Dataset entries:
┄┄┄┄┄┄┄┄┄┄┄┄┄┄┄┄┄┄┄┄

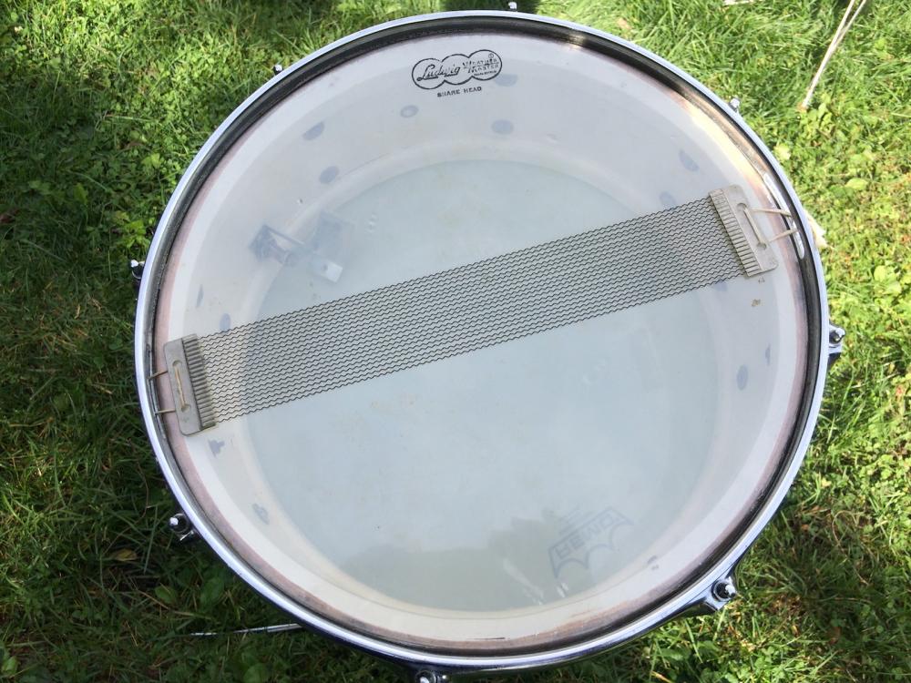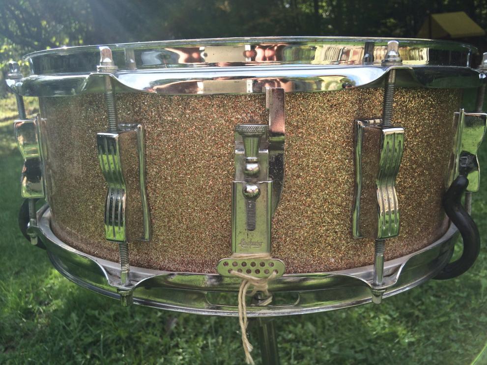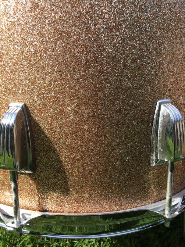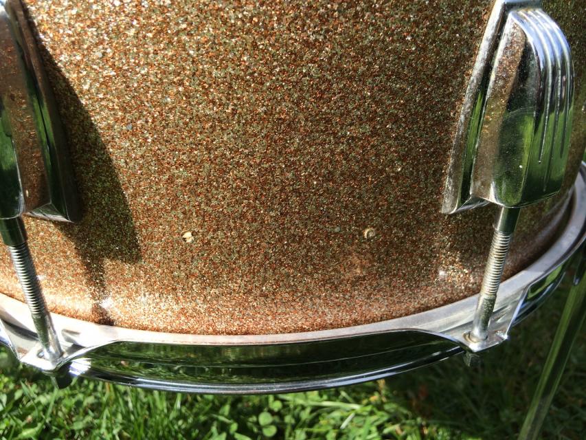 unfortunately it seems some fool back in the day thought it would be a good idea to try and turn the 14” floor tom into a snare! (sigh…) It seems said fool had drilled very tiny holes to put a throw off and a butt plate on the drum. luckily he did not cut snare beds into the drum and eventually re thought the whole idea. the holes have been filled and are very very hard to even see, please view the pics. this pains me greatly as this kit would be a museum piece time capsule if it wasn’t for this moronic boob’s alteration. luckily, the holes are very tiny and hard to even photograph and are literally barely noticeable. i do have a small piece of original champagne sparkle to patch them but again they are so small it would be fairly difficult to even do.
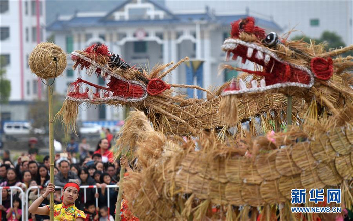 当日,广西罗城仫佬族自治县举行舞草龙大赛,来自各乡镇的草龙代表队会聚县城,欢庆一年五谷丰登,祈福来年风调雨顺。
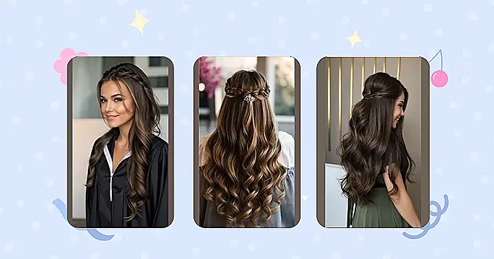 Finding the ultimate grad hairstyle can feel like trying to solve a quadratic equation while blindfolded – confusing and maybe a little scary! You’ve scrolled through a million pics, pinned enough looks to crash Pinterest, and your poor hairbrush is probably tired just thinking about the possibilities. Is it going to hold all night? Will it still look good after you bust out your killer dance moves? That half-up braided style in the picture looks totally ready for the challenge, ready to shine brighter than your future report card.
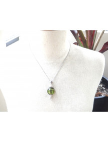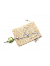 Questa elegante collana artigianale aggiungerà un tocco di raffinatezza al tuo outfit. Il suo stile vintage, sublimato da una perla in vetro lampwork verde chiaro che avvolge una foglia d'argento, la rende ideale per un'occasione speciale o per aggiungere una nota chic alla tua quotidianità. Questa collana e la sua chiusura sono in acciaio inossidabile, abbinate a perline e steli in ottone argentato, per un design armonioso e senza tempo. Perfettamente bilanciata con una catena di 45 cm e un pendente di 40 mm, questi orecchini leggeri e confortevoli sono pensati per essere sia eleganti che facili da indossare.
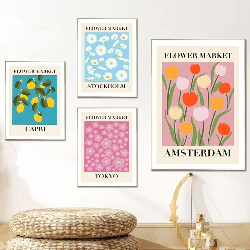 Абстрактные плакаты с цветочным рынком, тюльпаны, Токио, Япония, цветы вишни, холст, картина, Дейзи, побережье Амальфи, лимоны, настенное искусство, домашний декор
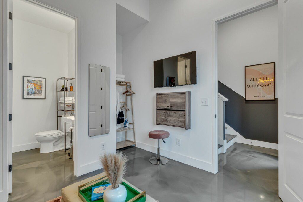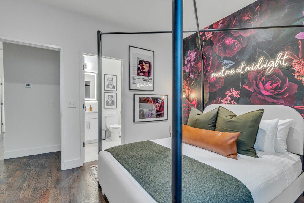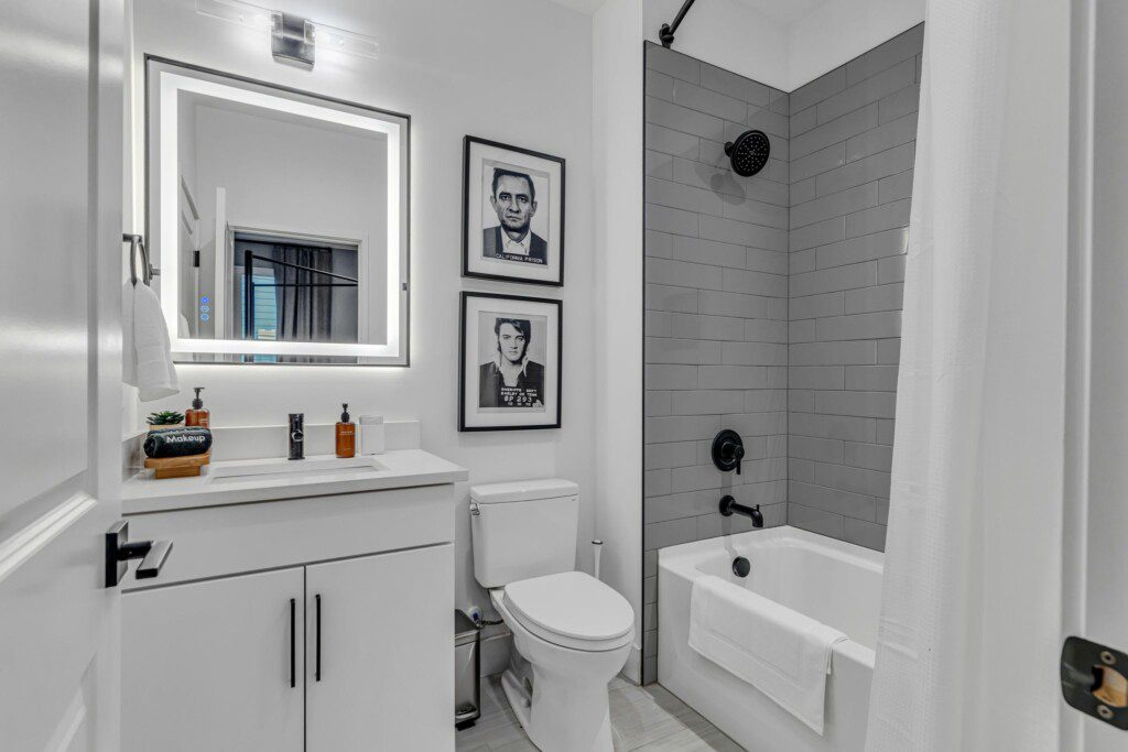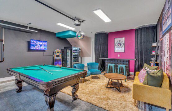 Experience this new construction, professionally designed Nashville adult playground, featuring downtown views from the rooftop hot tub, a game room with vending machine, electronic games, billiards & a bar, and high end finishes throughout this 4 bedrooms, 4 bathroom stunner! Enjoy the gourmet kitchen, themed bedrooms, and make-up mirrors. Situated only 3 miles from downtown and .5 from the future site of Landings at River North, you can explore the city’s attractions easily.
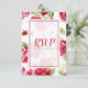 Cartão de resposta de impressão floral de rosa vermelha. Esta coleção elegante será perfeita para uma celebração de jardim interna ou externa para um casamento, chá de noiva, chá de bebê ou uma celebração de estilo country. Toda a coleção é personalizável. Aproveite sua celebração, saúde!
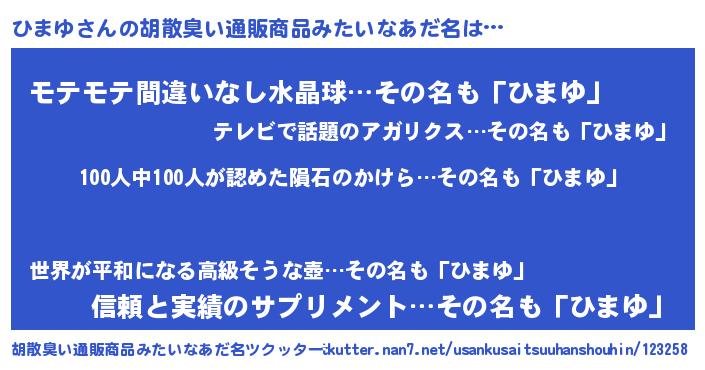 | ヒーロー風カッコイイあだ名 | 『正義の使者ひまゆ』『スーパーヒマユ』 |
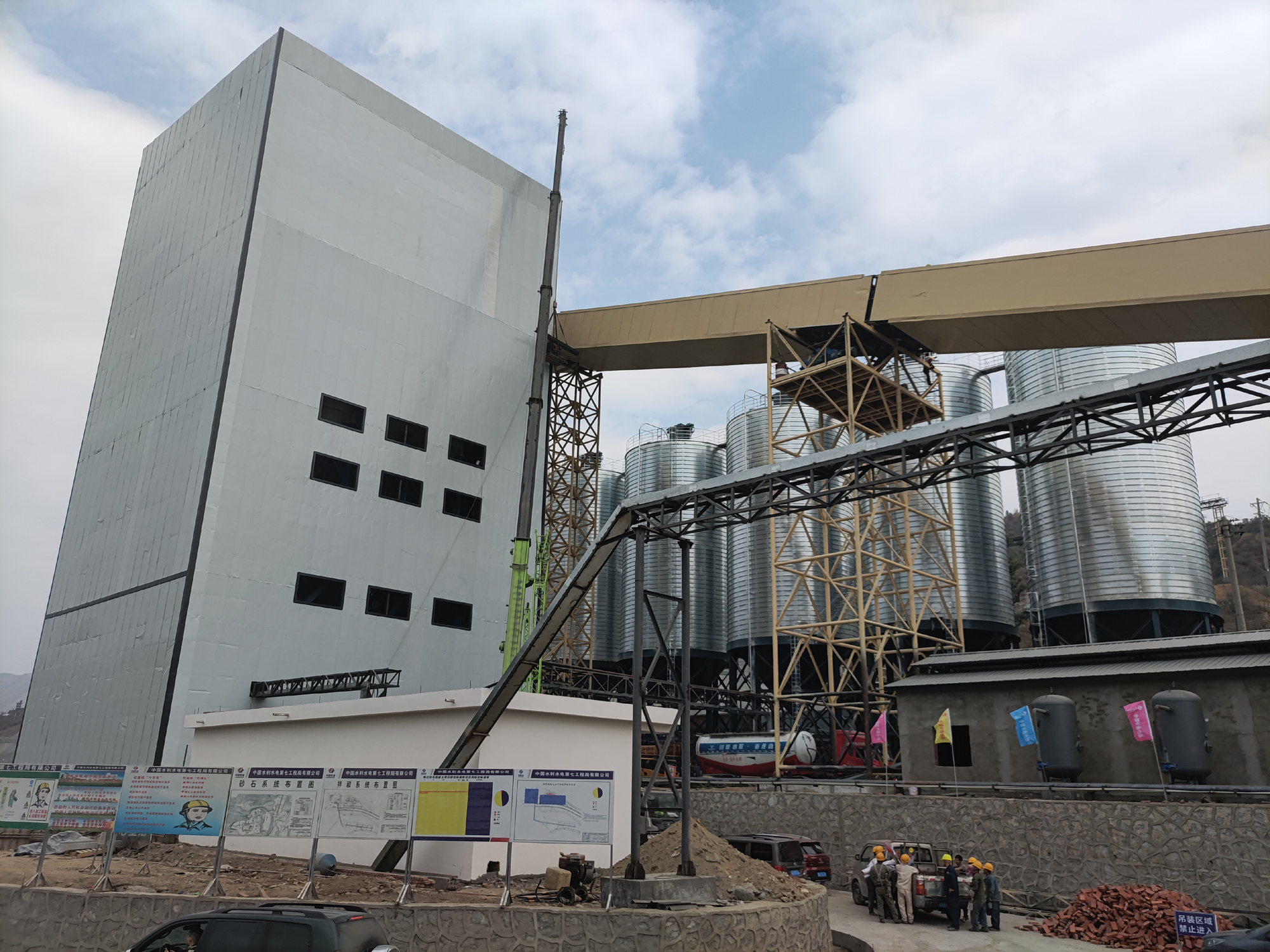 銀江水電站砂石加工、混凝土生產(chǎn)及施工供水系統(tǒng)由水電七局負(fù)責(zé)施工,于2020年10月10日開工,從開始準(zhǔn)備到完成系統(tǒng)建設(shè)時間僅141天,較具有類似產(chǎn)能的砂石加工及混凝土生產(chǎn)系統(tǒng)普遍需要6至8個月的建安工期相比,工期極為緊張。為確保三大系統(tǒng)按期投產(chǎn),公司及各參建單位團結(jié)一心、攻堅克難,共同為三大系統(tǒng)的建設(shè)安裝和運行投產(chǎn)做出了不懈努力。一是強化施工組織,不斷增加資源投入,加班加點搶進度,今年春節(jié)期間全體員工堅守工地,實現(xiàn)了春節(jié)期間未停工的大干熱潮。二是強化過程管控,攀水電公司安排工程管理部2 名同志具體負(fù)責(zé),每日到現(xiàn)場檢查落實施工任務(wù)并組織監(jiān)理和施工單位召開日碰頭會,協(xié)調(diào)解決存在的問題。三是強化溝通協(xié)調(diào),為確保砂石骨料原材料滿足調(diào)試和試運行需要,由公司分管領(lǐng)導(dǎo)帶隊,每日到攀鋼拓為公司協(xié)調(diào),積極克服地方群眾阻工等不利影響,為系統(tǒng)投運做好了物資保障。
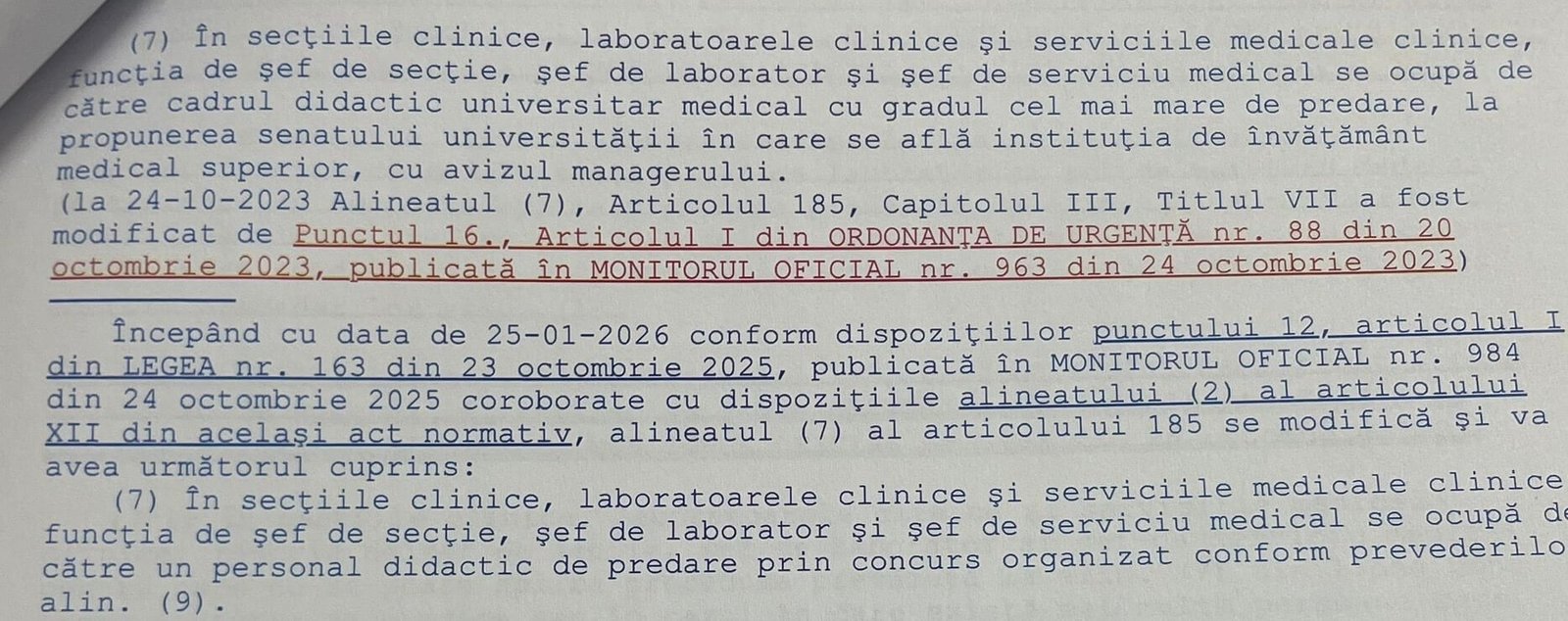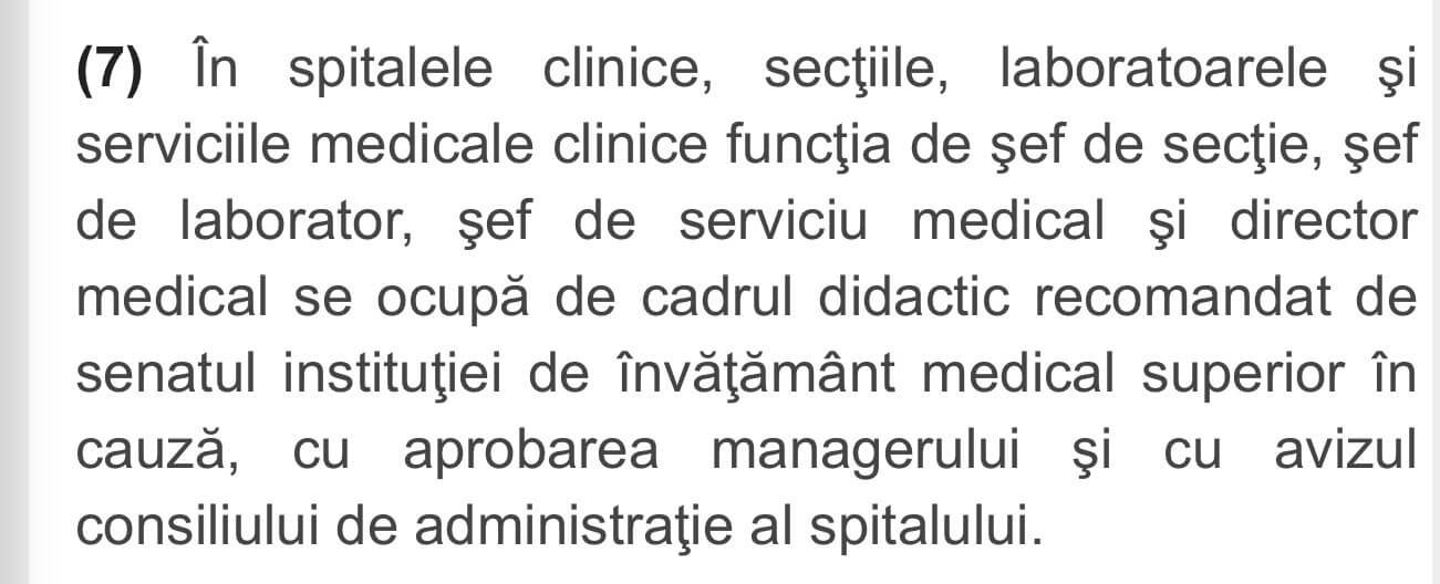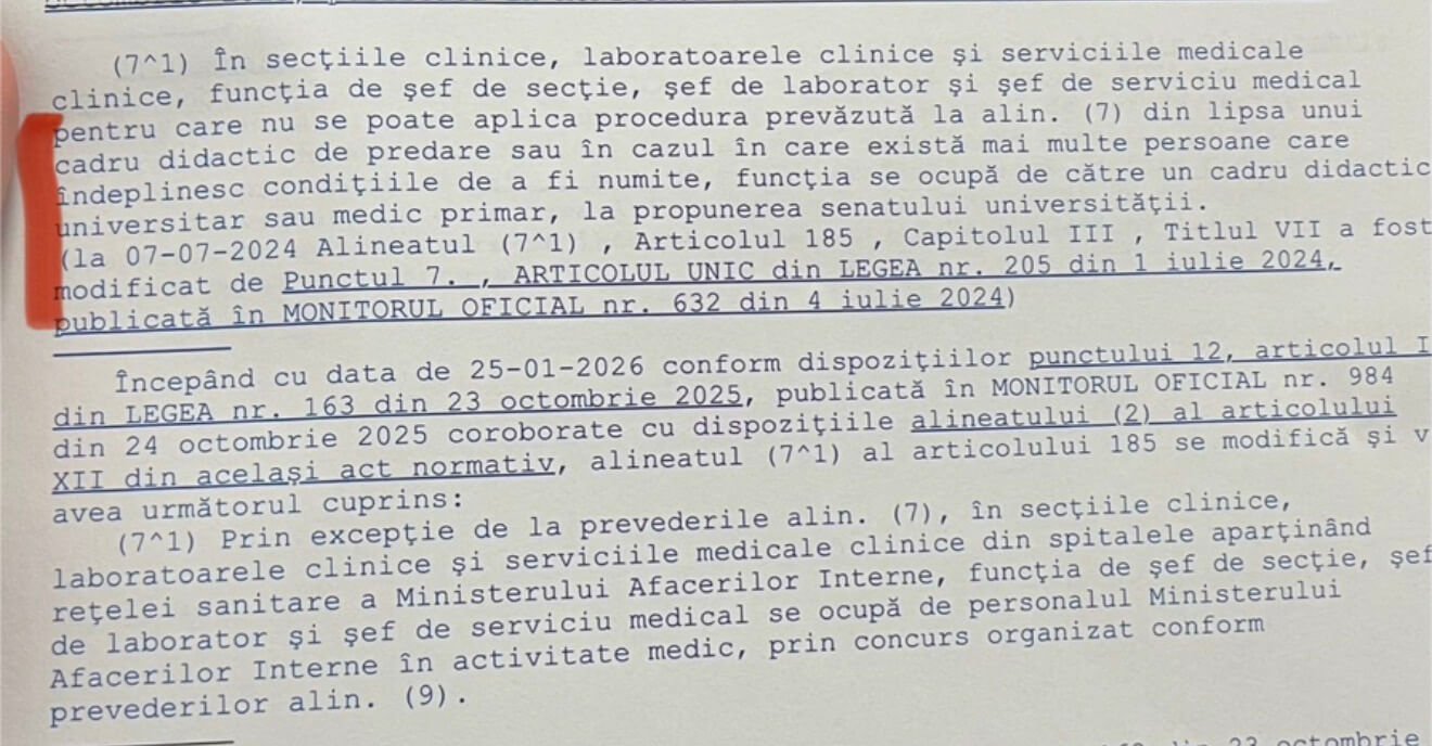 Și chestiunea e că, în realitate, pentru schimbarea de macaz de la Balneologie, spitalul NU avea nevoie de nicio decizie a consiliului de administrație. Asta pentru că Legea Sănătății a fost modificată, încă din 24 octombrie 2023, și a extras CA-ul din lanțul de decizie pentru numirile de șefi de secție. Deci, de doi ani, povestea nu mai e valabilă! Cert e că, tot atunci, a mai apărut o modificare legislativă, așa cum rezultă din Monitorul Oficial al României, la Legea Sănătății (95/2006, ART 185, aliniatul 7.1). Una extrem de interpretabilă, care zice că în secțiile clinice, funcția de șef de secție, pentru care nu se poate aplica procedura prevăzută la alin. (7 – cel mai mare în grad universitar) în cazul în care există mai multe persoane care îndeplinesc condițiile de a fi numite, funcția se ocupă de către UN cadru didactic universitar sau medic primar, la propunerea Senatului UMF.

┄┄┄┄┄┄┄┄┄┄┄┄┄┄┄┄┄┄┄┄

Your assignment: Your answer must be an exact repeat of the records above, with the pictures left out.

Reply to the exercise:
 unfortunately it seems some fool back in the day thought it would be a good idea to try and turn the 14” floor tom into a snare! (sigh…) It seems said fool had drilled very tiny holes to put a throw off and a butt plate on the drum. luckily he did not cut snare beds into the drum and eventually re thought the whole idea. the holes have been filled and are very very hard to even see, please view the pics. this pains me greatly as this kit would be a museum piece time capsule if it wasn’t for this moronic boob’s alteration. luckily, the holes are very tiny and hard to even photograph and are literally barely noticeable. i do have a small piece of original champagne sparkle to patch them but again they are so small it would be fairly difficult to even do.
 当日,广西罗城仫佬族自治县举行舞草龙大赛,来自各乡镇的草龙代表队会聚县城,欢庆一年五谷丰登,祈福来年风调雨顺。
 Finding the ultimate grad hairstyle can feel like trying to solve a quadratic equation while blindfolded – confusing and maybe a little scary! You’ve scrolled through a million pics, pinned enough looks to crash Pinterest, and your poor hairbrush is probably tired just thinking about the possibilities. Is it going to hold all night? Will it still look good after you bust out your killer dance moves? That half-up braided style in the picture looks totally ready for the challenge, ready to shine brighter than your future report card.
 Questa elegante collana artigianale aggiungerà un tocco di raffinatezza al tuo outfit. Il suo stile vintage, sublimato da una perla in vetro lampwork verde chiaro che avvolge una foglia d'argento, la rende ideale per un'occasione speciale o per aggiungere una nota chic alla tua quotidianità. Questa collana e la sua chiusura sono in acciaio inossidabile, abbinate a perline e steli in ottone argentato, per un design armonioso e senza tempo. Perfettamente bilanciata con una catena di 45 cm e un pendente di 40 mm, questi orecchini leggeri e confortevoli sono pensati per essere sia eleganti che facili da indossare.
 Абстрактные плакаты с цветочным рынком, тюльпаны, Токио, Япония, цветы вишни, холст, картина, Дейзи, побережье Амальфи, лимоны, настенное искусство, домашний декор
 Experience this new construction, professionally designed Nashville adult playground, featuring downtown views from the rooftop hot tub, a game room with vending machine, electronic games, billiards & a bar, and high end finishes throughout this 4 bedrooms, 4 bathroom stunner! Enjoy the gourmet kitchen, themed bedrooms, and make-up mirrors. Situated only 3 miles from downtown and .5 from the future site of Landings at River North, you can explore the city’s attractions easily.
 Cartão de resposta de impressão floral de rosa vermelha. Esta coleção elegante será perfeita para uma celebração de jardim interna ou externa para um casamento, chá de noiva, chá de bebê ou uma celebração de estilo country. Toda a coleção é personalizável. Aproveite sua celebração, saúde!
 | ヒーロー風カッコイイあだ名 | 『正義の使者ひまゆ』『スーパーヒマユ』 |
 銀江水電站砂石加工、混凝土生產(chǎn)及施工供水系統(tǒng)由水電七局負(fù)責(zé)施工,于2020年10月10日開工,從開始準(zhǔn)備到完成系統(tǒng)建設(shè)時間僅141天,較具有類似產(chǎn)能的砂石加工及混凝土生產(chǎn)系統(tǒng)普遍需要6至8個月的建安工期相比,工期極為緊張。為確保三大系統(tǒng)按期投產(chǎn),公司及各參建單位團結(jié)一心、攻堅克難,共同為三大系統(tǒng)的建設(shè)安裝和運行投產(chǎn)做出了不懈努力。一是強化施工組織,不斷增加資源投入,加班加點搶進度,今年春節(jié)期間全體員工堅守工地,實現(xiàn)了春節(jié)期間未停工的大干熱潮。二是強化過程管控,攀水電公司安排工程管理部2 名同志具體負(fù)責(zé),每日到現(xiàn)場檢查落實施工任務(wù)并組織監(jiān)理和施工單位召開日碰頭會,協(xié)調(diào)解決存在的問題。三是強化溝通協(xié)調(diào),為確保砂石骨料原材料滿足調(diào)試和試運行需要,由公司分管領(lǐng)導(dǎo)帶隊,每日到攀鋼拓為公司協(xié)調(diào),積極克服地方群眾阻工等不利影響,為系統(tǒng)投運做好了物資保障。
 Și chestiunea e că, în realitate, pentru schimbarea de macaz de la Balneologie, spitalul NU avea nevoie de nicio decizie a consiliului de administrație. Asta pentru că Legea Sănătății a fost modificată, încă din 24 octombrie 2023, și a extras CA-ul din lanțul de decizie pentru numirile de șefi de secție. Deci, de doi ani, povestea nu mai e valabilă! Cert e că, tot atunci, a mai apărut o modificare legislativă, așa cum rezultă din Monitorul Oficial al României, la Legea Sănătății (95/2006, ART 185, aliniatul 7.1). Una extrem de interpretabilă, care zice că în secțiile clinice, funcția de șef de secție, pentru care nu se poate aplica procedura prevăzută la alin. (7 – cel mai mare în grad universitar) în cazul în care există mai multe persoane care îndeplinesc condițiile de a fi numite, funcția se ocupă de către UN cadru didactic universitar sau medic primar, la propunerea Senatului UMF.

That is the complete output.